There’s no better way to put it, but I was kind of a bully in school. Not the menacing, “I’ll carry a knife and threaten the teacher with it” kind of bully we see in Hollywoods films, but the kind of snide little schmuck that needed a smack upside the head, good telling off and reminder to be respectful. To put it in Harry Potter context, I was not Draco Malfoy, I was one of those two side kicks that just hung around Draco. I was too lazy to be malicious, it required thinking- a thing I preferred to not do till I was almost 20. Moreover, like any side kick, I was too low in the pecking order to do any real harm. In order to survive boarding school I learned to point and laugh in whatever direction everyone  else was pointing and laughing in lest the finger get turned on me. As you can tell from my desperate attempt to psychoanalytically explain it- I’m not proud of mybullying tendencies from the past. 

I’d like to attribute it to childhood cruelty and ignorance but I can never forget the incident with Nina (Name changed because I would DIE if she read this). Nina was the new girl and was eager to fit in and that was not an opportunity we were about to let go of. We told her we were having a midnight Feast. (These were amazing, we would sneak in a large amount of snacks from our personal snack supplies into the dormitory, wake up in the middle of the night, eat them and go back to sleep. As 12 year olds in boarding school, this was us seriously going rogue. If the teachers found out, we were to expect nothing less than the guillotine). Nina was told that we are having a midnight feast that night and that she should sneak her chips and biscuits and wafers during the day and give them to us for safe keeping. We didn’t want her to get into trouble, you see. That night we “accidentally” forgot to wake her up in time for the midnight meeting but feasted on her food indiscriminately. 

I remember looking up at her with a mouthful of Mava cake when she walked into the laundry room. (The location of our glamorous Midnight Feasts was left of the giant pile of dirty clothes that people gave to the dhobi every week). That day I learned the definition of betrayal because of Nina’s eyes. They were large, hurt and I could almost see my own stuffed, greedy face dripping cake crumbs reflected in her pupils. 

“Why didn’t you’ll wake me up? Did you’ll just want my food?” she asked- her voice cracking under the strain of the tears at the back of her throat- without waiting for an answer she spun around and ran away, sobbing in deep breaths. She kept her distance from me and my friends from then and at the end of the year, she left school. 

At a social gathering last week- I saw from a distance, a person who looked like a grown up version of Nina.
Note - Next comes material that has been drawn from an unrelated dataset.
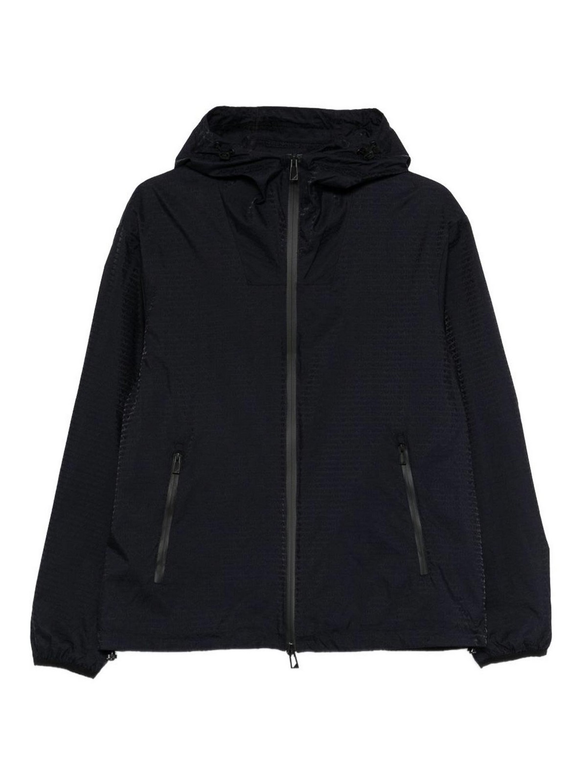 ブルーテクスチャード仕上げのファスナー付きサイドファスナー付きポケットフード

Every pore in my body opened up into a nervous sweat, while simultaneously my mouth went dry. I didn’t want to look into her eyes and see betrayal again. As a child it may have made me chew my mava cake a little less enthusiastically but as an adult, it made me feel ashamed to be standing in front of someone who had seen what a callous idiot I could be. I adopted the strategy of  aggressively slinking into corners for the rest of the evening. The inevitable introduction came.

“Aditi,” “Nina”

Like an ostrich, I kept looking down at the floor. If I can’t see her, maybe she wouldn’t be able to see me. 

“What school did you go to?” was her first question. This plan of looking down at the floor was a massive failure. 

“I remember you! You used to hang around with X and Y. You’ll stole food from me for a Midnight Feast once!”

Of course, the whole room went quiet at that exact time.

“Yes” I squeaked at a decibel level so high that the bats in the neighbourhood went deaf.

She laughed, “You’ll were so mean.” I ventured a look into her eyes expecting contempt or at least coldness and what I saw was just an trusting, open, smile, no hurt, no betrayal. My heart skipped a beat, could it be, that…. she just didn’t care anymore? 

In my desperate desire to repent for being a bully, I had forgotten that she no longer cared about being bullied. She had grown up, met better people and let it go without thinking. 

What’s worse than being a bully who is remorseful for their actions? Realising that your “victims” just don’t care. That, sometimes, your remorse over your actions is your own burden to bear. This bully repents.